* _Exercise materials_:
★ ★ ★ ★ ★ ★ ★

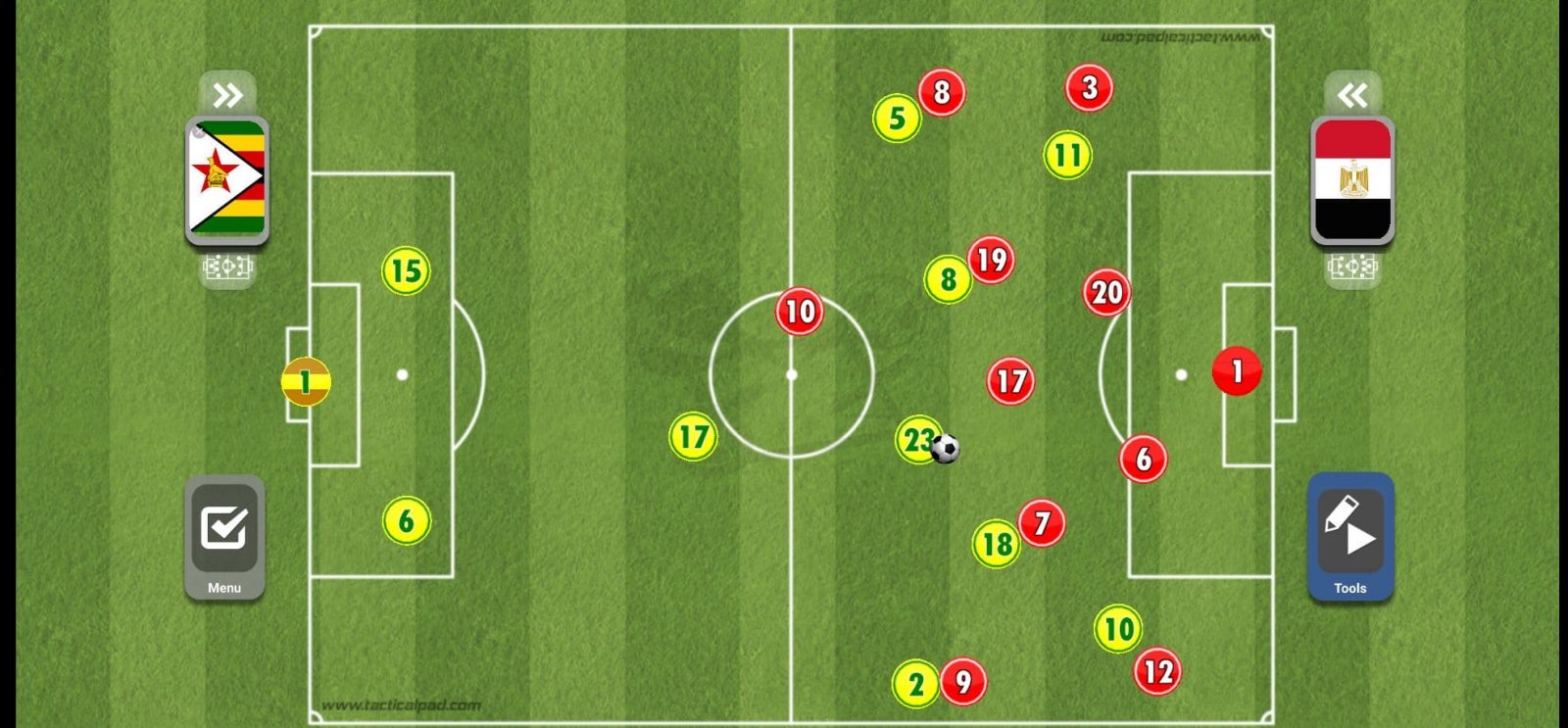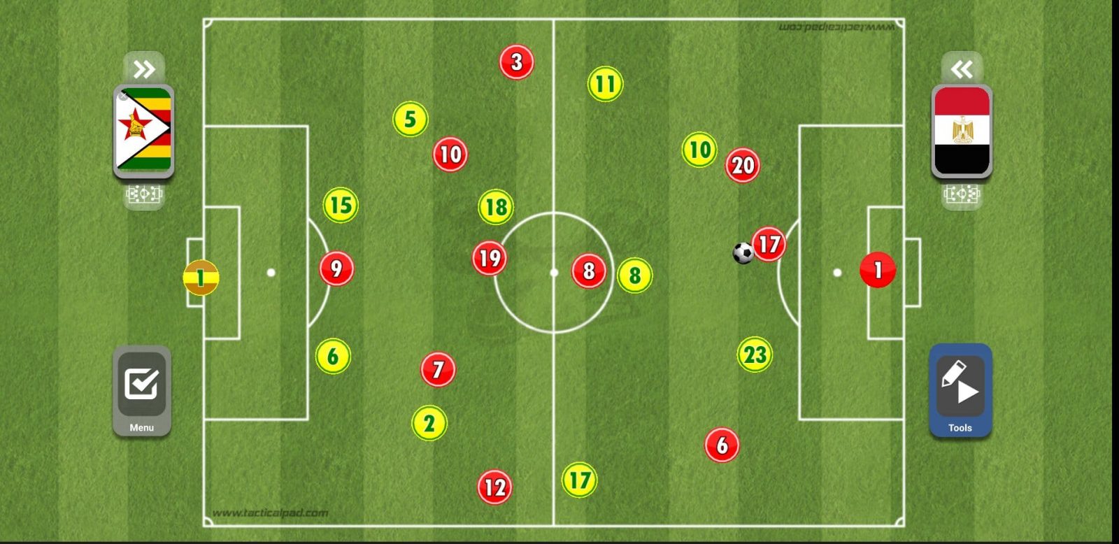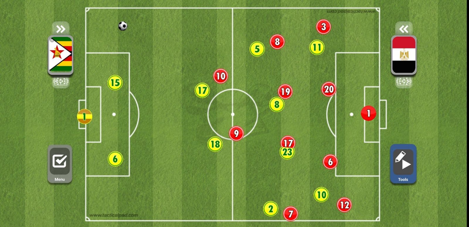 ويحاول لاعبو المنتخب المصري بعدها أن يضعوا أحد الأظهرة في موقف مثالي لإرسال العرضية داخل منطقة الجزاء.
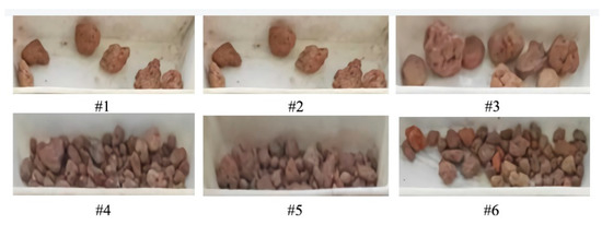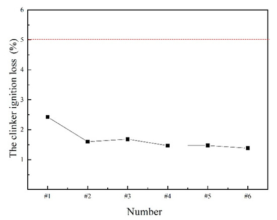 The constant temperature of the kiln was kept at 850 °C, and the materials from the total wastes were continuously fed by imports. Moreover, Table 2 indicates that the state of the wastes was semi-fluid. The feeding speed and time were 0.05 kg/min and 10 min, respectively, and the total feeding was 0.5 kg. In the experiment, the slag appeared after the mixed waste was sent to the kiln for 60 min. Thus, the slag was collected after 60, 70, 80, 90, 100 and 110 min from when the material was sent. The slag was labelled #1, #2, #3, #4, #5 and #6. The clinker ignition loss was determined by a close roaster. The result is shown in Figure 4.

★ ★ ★ ★ ★ ★ ★

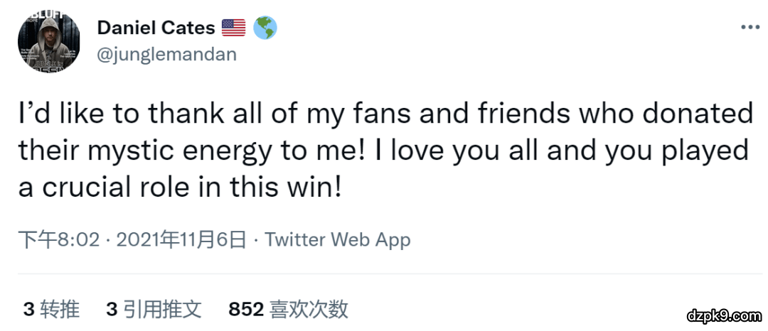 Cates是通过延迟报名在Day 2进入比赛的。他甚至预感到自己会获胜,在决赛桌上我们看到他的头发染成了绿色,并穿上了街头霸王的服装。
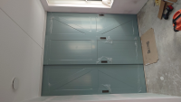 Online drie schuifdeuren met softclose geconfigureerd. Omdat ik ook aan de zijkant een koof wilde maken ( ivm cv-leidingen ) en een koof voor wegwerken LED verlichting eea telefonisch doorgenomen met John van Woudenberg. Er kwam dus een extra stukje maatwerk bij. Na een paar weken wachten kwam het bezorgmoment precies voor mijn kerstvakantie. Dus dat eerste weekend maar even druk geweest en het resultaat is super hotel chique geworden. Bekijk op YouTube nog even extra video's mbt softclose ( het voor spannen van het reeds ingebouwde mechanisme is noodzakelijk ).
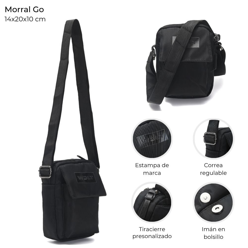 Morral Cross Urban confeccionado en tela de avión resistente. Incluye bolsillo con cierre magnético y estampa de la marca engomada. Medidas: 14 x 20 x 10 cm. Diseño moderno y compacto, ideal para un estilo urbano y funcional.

★ ★ ★ ★ ★ ★ ★

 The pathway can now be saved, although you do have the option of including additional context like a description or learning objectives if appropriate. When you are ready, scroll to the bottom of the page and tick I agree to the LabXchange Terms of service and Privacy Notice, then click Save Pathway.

★ ★ ★ ★ ★ ★ ★

* _Task directions_:
Copy the lines above between the one holding "ويحاول لاعبو المنتخب" and the one holding "The constant temperature", inclusive. Drop the pictures.

* _Answer for this exercise_:
 ويحاول لاعبو المنتخب المصري بعدها أن يضعوا أحد الأظهرة في موقف مثالي لإرسال العرضية داخل منطقة الجزاء.
 The constant temperature of the kiln was kept at 850 °C, and the materials from the total wastes were continuously fed by imports. Moreover, Table 2 indicates that the state of the wastes was semi-fluid. The feeding speed and time were 0.05 kg/min and 10 min, respectively, and the total feeding was 0.5 kg. In the experiment, the slag appeared after the mixed waste was sent to the kiln for 60 min. Thus, the slag was collected after 60, 70, 80, 90, 100 and 110 min from when the material was sent. The slag was labelled #1, #2, #3, #4, #5 and #6. The clinker ignition loss was determined by a close roaster. The result is shown in Figure 4.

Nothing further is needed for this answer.